■ **DIRECTIONS**
Where the listing shows an image, skip it and output all other material unchanged.
####
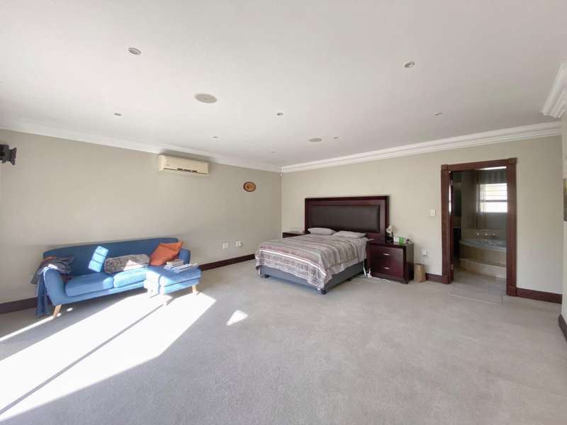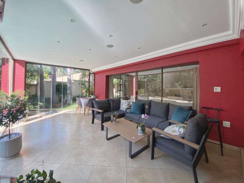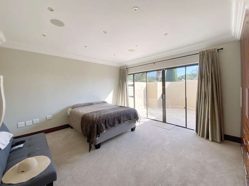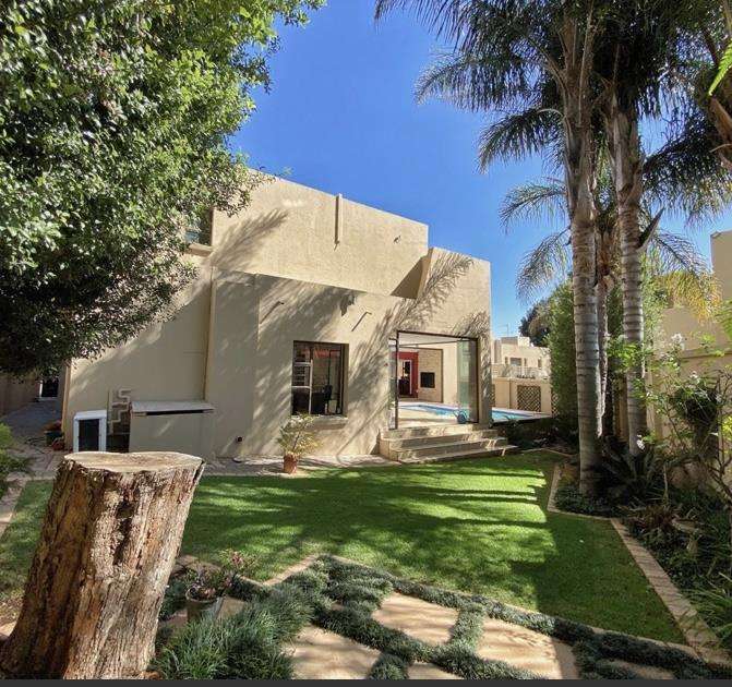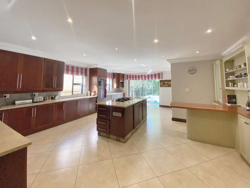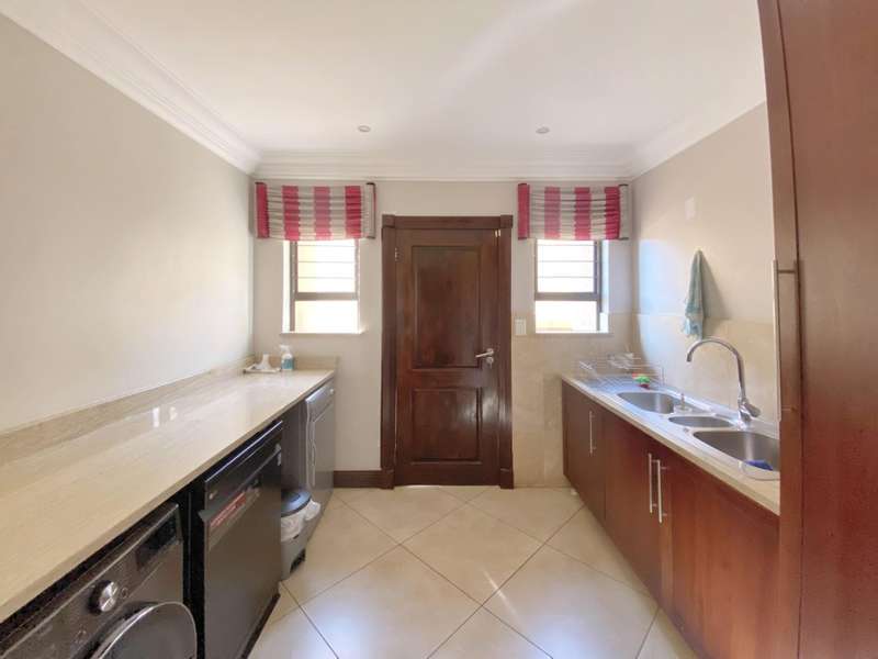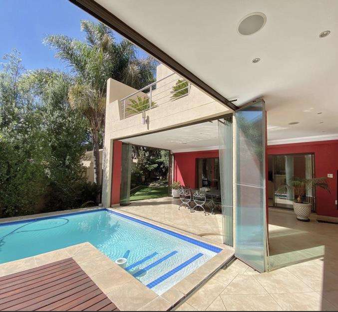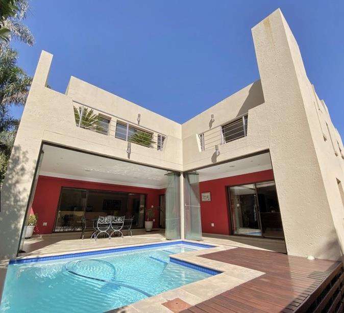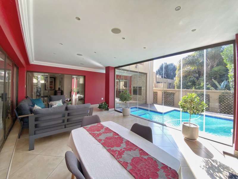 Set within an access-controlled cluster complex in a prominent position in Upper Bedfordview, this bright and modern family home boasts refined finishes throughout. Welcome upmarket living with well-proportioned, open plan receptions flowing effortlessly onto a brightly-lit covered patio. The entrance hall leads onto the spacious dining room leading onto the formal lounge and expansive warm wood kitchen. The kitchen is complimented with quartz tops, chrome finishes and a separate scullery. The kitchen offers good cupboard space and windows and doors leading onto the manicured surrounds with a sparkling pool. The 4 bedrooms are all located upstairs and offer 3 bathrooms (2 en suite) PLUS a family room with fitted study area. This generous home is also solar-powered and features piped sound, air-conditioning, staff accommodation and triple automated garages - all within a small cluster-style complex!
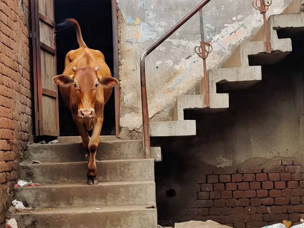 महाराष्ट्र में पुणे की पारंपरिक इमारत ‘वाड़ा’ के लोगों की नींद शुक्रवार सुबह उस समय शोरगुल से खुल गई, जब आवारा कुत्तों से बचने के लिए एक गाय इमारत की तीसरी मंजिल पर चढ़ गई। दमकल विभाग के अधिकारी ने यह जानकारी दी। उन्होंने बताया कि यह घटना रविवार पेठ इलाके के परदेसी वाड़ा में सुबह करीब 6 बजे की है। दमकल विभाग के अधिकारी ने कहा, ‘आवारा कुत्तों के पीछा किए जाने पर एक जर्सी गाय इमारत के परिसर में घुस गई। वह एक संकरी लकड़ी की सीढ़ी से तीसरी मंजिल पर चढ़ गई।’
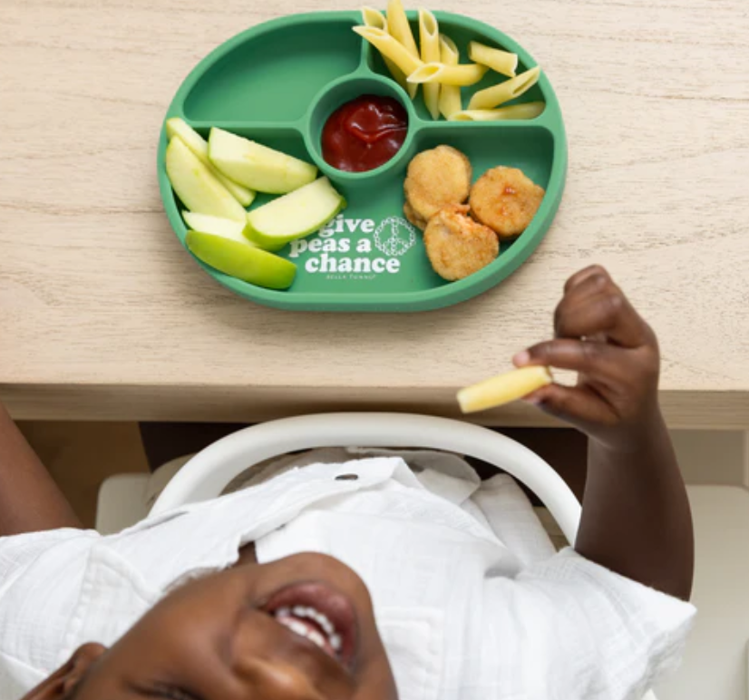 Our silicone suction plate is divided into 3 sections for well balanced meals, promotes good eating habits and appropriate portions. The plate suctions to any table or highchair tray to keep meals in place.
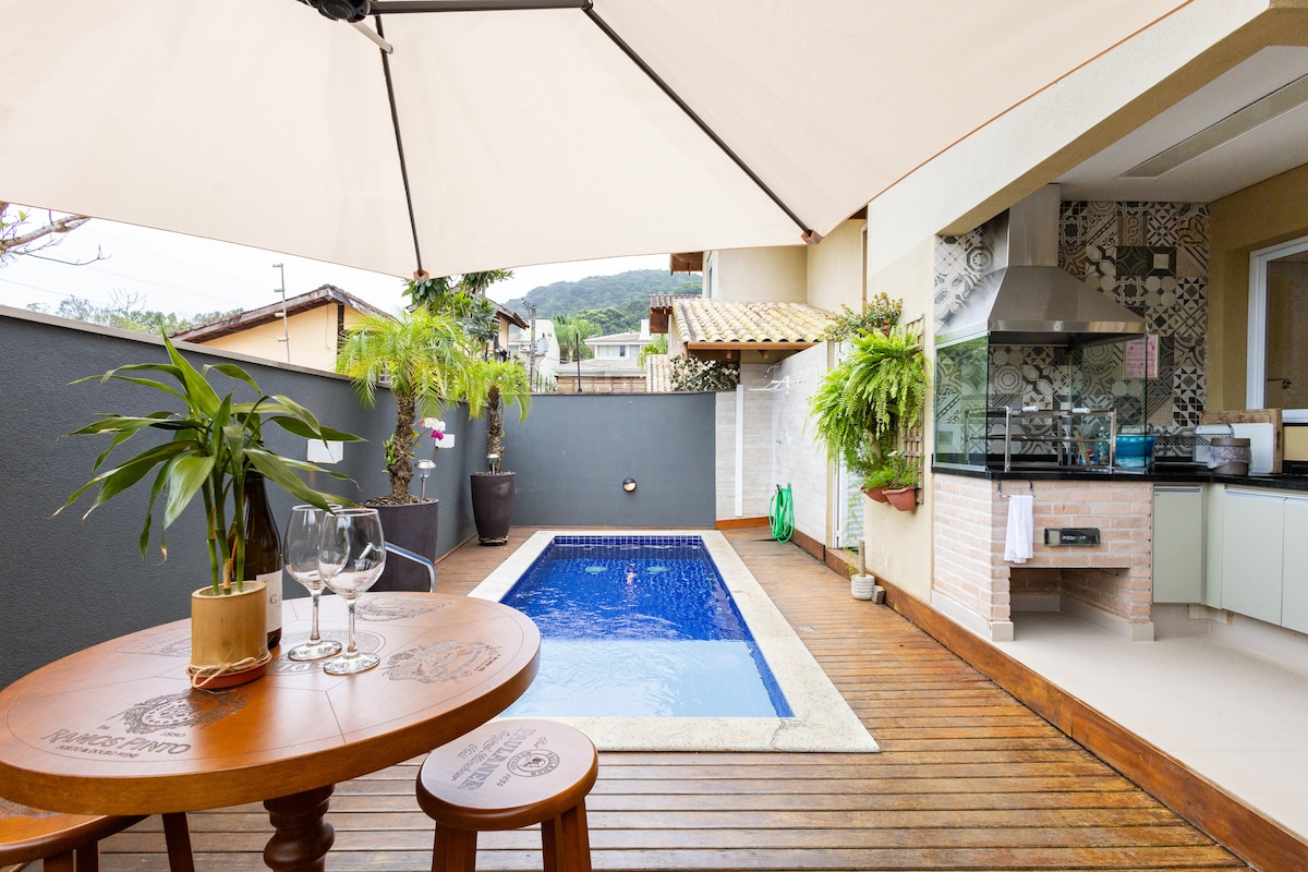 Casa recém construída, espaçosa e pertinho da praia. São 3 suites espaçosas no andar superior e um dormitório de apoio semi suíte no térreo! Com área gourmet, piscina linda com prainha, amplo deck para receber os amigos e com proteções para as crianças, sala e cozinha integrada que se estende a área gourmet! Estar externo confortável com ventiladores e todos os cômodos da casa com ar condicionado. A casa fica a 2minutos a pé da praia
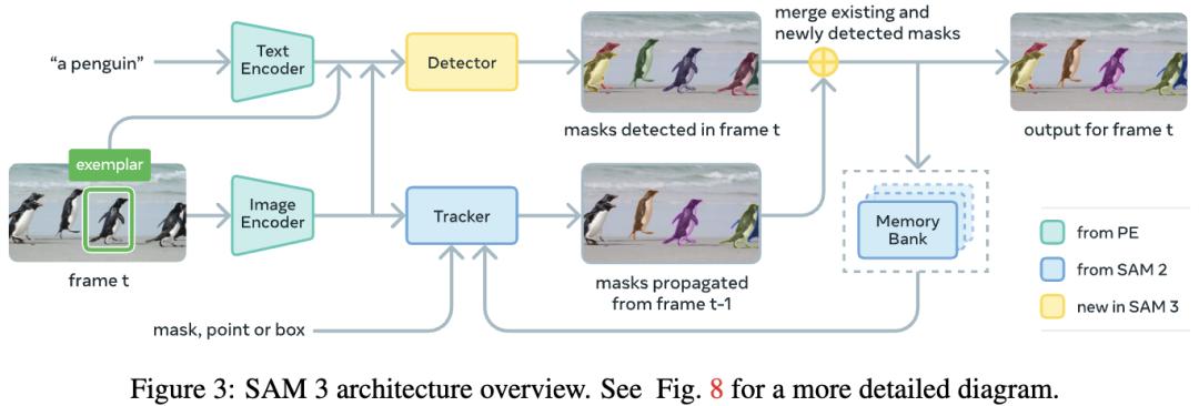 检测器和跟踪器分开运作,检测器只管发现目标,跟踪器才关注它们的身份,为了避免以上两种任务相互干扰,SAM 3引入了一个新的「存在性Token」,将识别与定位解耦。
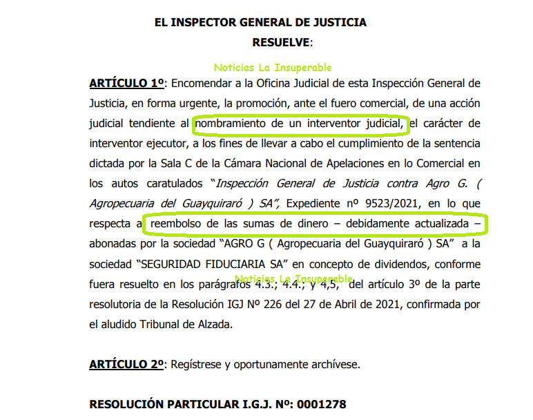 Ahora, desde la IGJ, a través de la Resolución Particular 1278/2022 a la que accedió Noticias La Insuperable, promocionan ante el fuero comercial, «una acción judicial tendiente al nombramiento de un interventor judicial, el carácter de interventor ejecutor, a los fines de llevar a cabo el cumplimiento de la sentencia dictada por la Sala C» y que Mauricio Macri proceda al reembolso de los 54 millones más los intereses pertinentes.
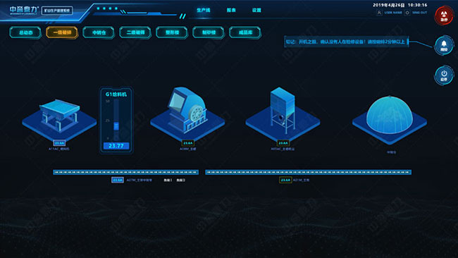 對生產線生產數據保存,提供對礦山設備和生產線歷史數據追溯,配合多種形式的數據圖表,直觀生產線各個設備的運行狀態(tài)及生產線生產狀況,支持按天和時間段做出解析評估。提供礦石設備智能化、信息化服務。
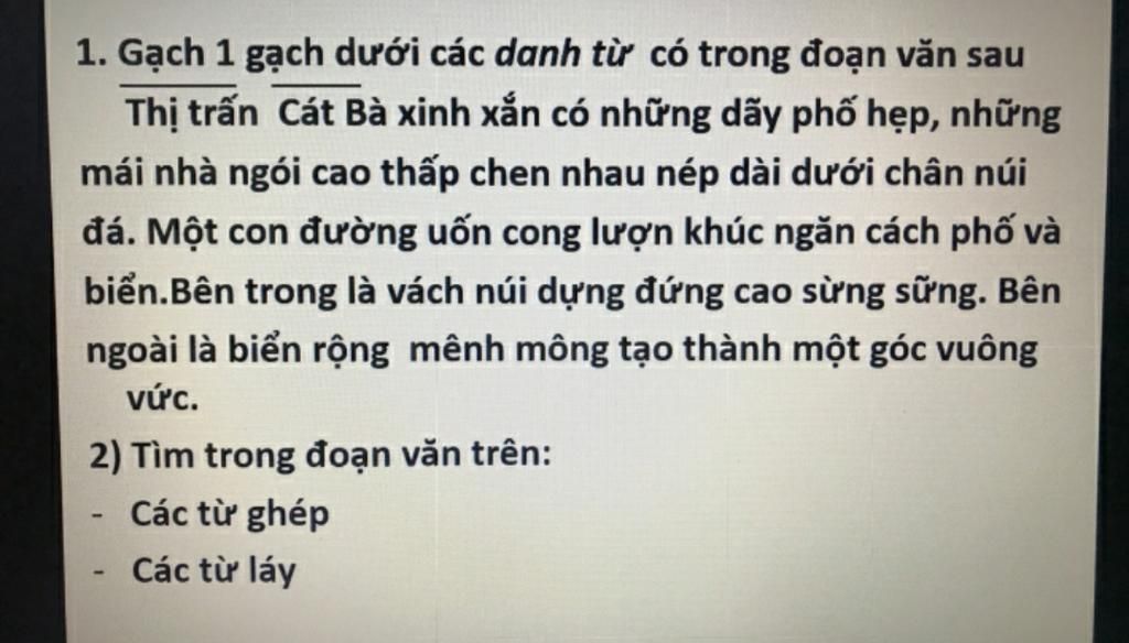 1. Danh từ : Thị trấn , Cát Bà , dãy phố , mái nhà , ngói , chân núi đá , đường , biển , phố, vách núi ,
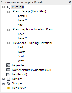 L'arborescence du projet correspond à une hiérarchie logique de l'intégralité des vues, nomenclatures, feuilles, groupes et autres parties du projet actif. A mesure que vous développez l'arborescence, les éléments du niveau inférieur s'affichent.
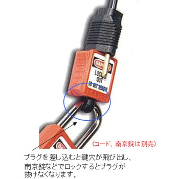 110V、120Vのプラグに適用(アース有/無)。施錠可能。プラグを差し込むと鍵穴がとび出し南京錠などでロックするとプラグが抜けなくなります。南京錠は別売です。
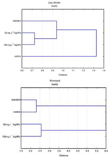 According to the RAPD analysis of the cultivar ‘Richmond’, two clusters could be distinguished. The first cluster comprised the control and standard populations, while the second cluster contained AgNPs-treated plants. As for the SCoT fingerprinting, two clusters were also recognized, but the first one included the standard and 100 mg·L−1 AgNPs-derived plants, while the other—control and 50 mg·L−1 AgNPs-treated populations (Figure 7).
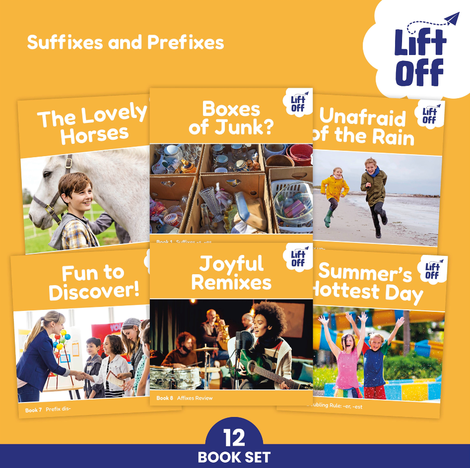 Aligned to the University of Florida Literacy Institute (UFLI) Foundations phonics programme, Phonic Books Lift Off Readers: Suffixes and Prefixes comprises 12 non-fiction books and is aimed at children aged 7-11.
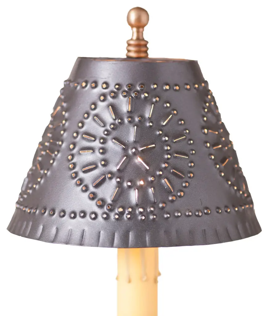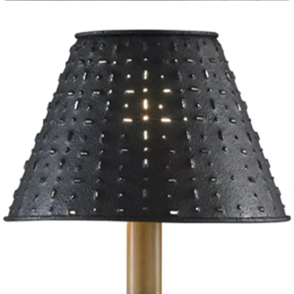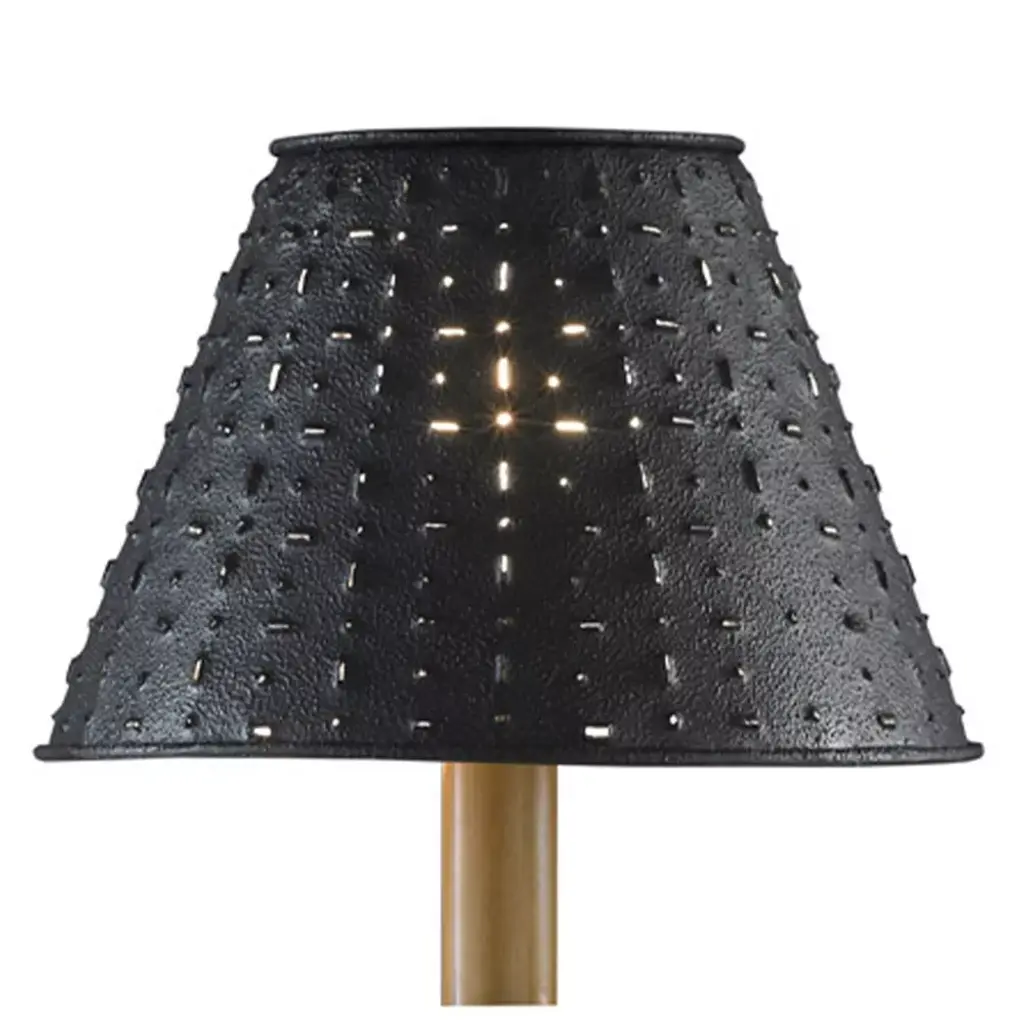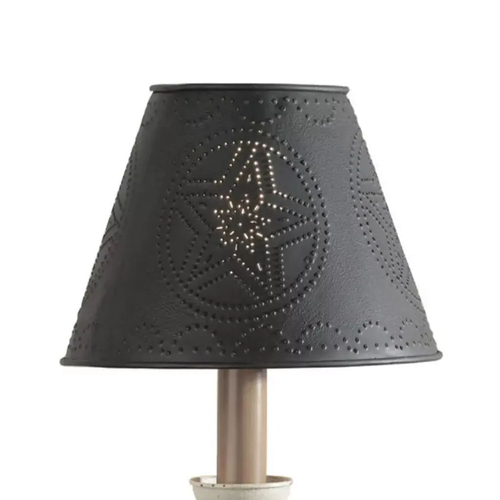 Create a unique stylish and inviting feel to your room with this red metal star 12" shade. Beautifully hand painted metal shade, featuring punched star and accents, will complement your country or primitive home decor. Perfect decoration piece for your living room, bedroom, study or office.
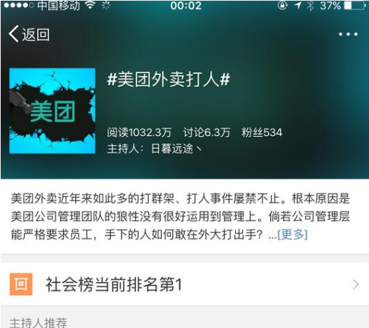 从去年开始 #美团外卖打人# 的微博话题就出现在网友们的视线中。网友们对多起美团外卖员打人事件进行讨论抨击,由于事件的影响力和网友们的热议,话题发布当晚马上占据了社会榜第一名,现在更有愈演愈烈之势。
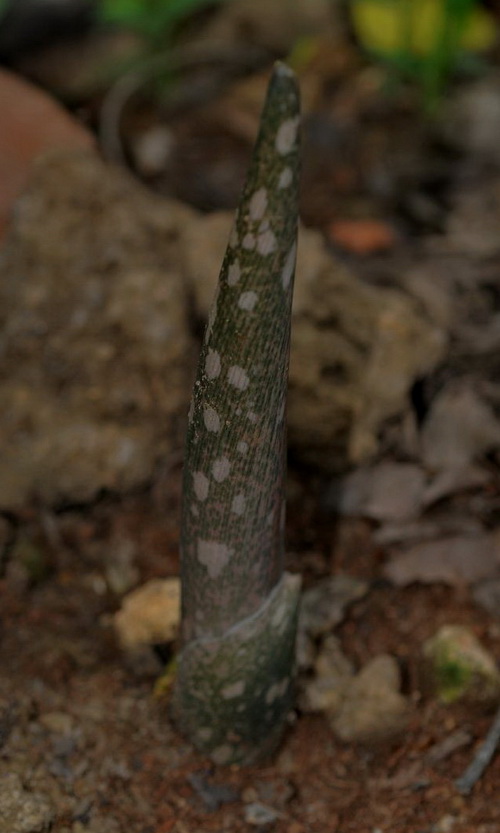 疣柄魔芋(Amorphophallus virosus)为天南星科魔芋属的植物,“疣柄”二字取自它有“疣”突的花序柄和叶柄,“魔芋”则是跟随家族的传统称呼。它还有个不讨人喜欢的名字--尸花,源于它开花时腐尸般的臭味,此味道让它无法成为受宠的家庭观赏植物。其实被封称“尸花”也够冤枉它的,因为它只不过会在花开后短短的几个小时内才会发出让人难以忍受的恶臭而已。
####
■ **SOLUTION TO THIS TASK**
 Set within an access-controlled cluster complex in a prominent position in Upper Bedfordview, this bright and modern family home boasts refined finishes throughout. Welcome upmarket living with well-proportioned, open plan receptions flowing effortlessly onto a brightly-lit covered patio. The entrance hall leads onto the spacious dining room leading onto the formal lounge and expansive warm wood kitchen. The kitchen is complimented with quartz tops, chrome finishes and a separate scullery. The kitchen offers good cupboard space and windows and doors leading onto the manicured surrounds with a sparkling pool. The 4 bedrooms are all located upstairs and offer 3 bathrooms (2 en suite) PLUS a family room with fitted study area. This generous home is also solar-powered and features piped sound, air-conditioning, staff accommodation and triple automated garages - all within a small cluster-style complex!
 महाराष्ट्र में पुणे की पारंपरिक इमारत ‘वाड़ा’ के लोगों की नींद शुक्रवार सुबह उस समय शोरगुल से खुल गई, जब आवारा कुत्तों से बचने के लिए एक गाय इमारत की तीसरी मंजिल पर चढ़ गई। दमकल विभाग के अधिकारी ने यह जानकारी दी। उन्होंने बताया कि यह घटना रविवार पेठ इलाके के परदेसी वाड़ा में सुबह करीब 6 बजे की है। दमकल विभाग के अधिकारी ने कहा, ‘आवारा कुत्तों के पीछा किए जाने पर एक जर्सी गाय इमारत के परिसर में घुस गई। वह एक संकरी लकड़ी की सीढ़ी से तीसरी मंजिल पर चढ़ गई।’
 Our silicone suction plate is divided into 3 sections for well balanced meals, promotes good eating habits and appropriate portions. The plate suctions to any table or highchair tray to keep meals in place.
 Casa recém construída, espaçosa e pertinho da praia. São 3 suites espaçosas no andar superior e um dormitório de apoio semi suíte no térreo! Com área gourmet, piscina linda com prainha, amplo deck para receber os amigos e com proteções para as crianças, sala e cozinha integrada que se estende a área gourmet! Estar externo confortável com ventiladores e todos os cômodos da casa com ar condicionado. A casa fica a 2minutos a pé da praia
 检测器和跟踪器分开运作,检测器只管发现目标,跟踪器才关注它们的身份,为了避免以上两种任务相互干扰,SAM 3引入了一个新的「存在性Token」,将识别与定位解耦。
 Ahora, desde la IGJ, a través de la Resolución Particular 1278/2022 a la que accedió Noticias La Insuperable, promocionan ante el fuero comercial, «una acción judicial tendiente al nombramiento de un interventor judicial, el carácter de interventor ejecutor, a los fines de llevar a cabo el cumplimiento de la sentencia dictada por la Sala C» y que Mauricio Macri proceda al reembolso de los 54 millones más los intereses pertinentes.
 對生產線生產數據保存,提供對礦山設備和生產線歷史數據追溯,配合多種形式的數據圖表,直觀生產線各個設備的運行狀態(tài)及生產線生產狀況,支持按天和時間段做出解析評估。提供礦石設備智能化、信息化服務。
 1. Danh từ : Thị trấn , Cát Bà , dãy phố , mái nhà , ngói , chân núi đá , đường , biển , phố, vách núi ,
 L'arborescence du projet correspond à une hiérarchie logique de l'intégralité des vues, nomenclatures, feuilles, groupes et autres parties du projet actif. A mesure que vous développez l'arborescence, les éléments du niveau inférieur s'affichent.
 110V、120Vのプラグに適用(アース有/無)。施錠可能。プラグを差し込むと鍵穴がとび出し南京錠などでロックするとプラグが抜けなくなります。南京錠は別売です。
 According to the RAPD analysis of the cultivar ‘Richmond’, two clusters could be distinguished. The first cluster comprised the control and standard populations, while the second cluster contained AgNPs-treated plants. As for the SCoT fingerprinting, two clusters were also recognized, but the first one included the standard and 100 mg·L−1 AgNPs-derived plants, while the other—control and 50 mg·L−1 AgNPs-treated populations (Figure 7).
 Aligned to the University of Florida Literacy Institute (UFLI) Foundations phonics programme, Phonic Books Lift Off Readers: Suffixes and Prefixes comprises 12 non-fiction books and is aimed at children aged 7-11.
 Create a unique stylish and inviting feel to your room with this red metal star 12" shade. Beautifully hand painted metal shade, featuring punched star and accents, will complement your country or primitive home decor. Perfect decoration piece for your living room, bedroom, study or office.
 从去年开始 #美团外卖打人# 的微博话题就出现在网友们的视线中。网友们对多起美团外卖员打人事件进行讨论抨击,由于事件的影响力和网友们的热议,话题发布当晚马上占据了社会榜第一名,现在更有愈演愈烈之势。
 疣柄魔芋(Amorphophallus virosus)为天南星科魔芋属的植物,“疣柄”二字取自它有“疣”突的花序柄和叶柄,“魔芋”则是跟随家族的传统称呼。它还有个不讨人喜欢的名字--尸花,源于它开花时腐尸般的臭味,此味道让它无法成为受宠的家庭观赏植物。其实被封称“尸花”也够冤枉它的,因为它只不过会在花开后短短的几个小时内才会发出让人难以忍受的恶臭而已。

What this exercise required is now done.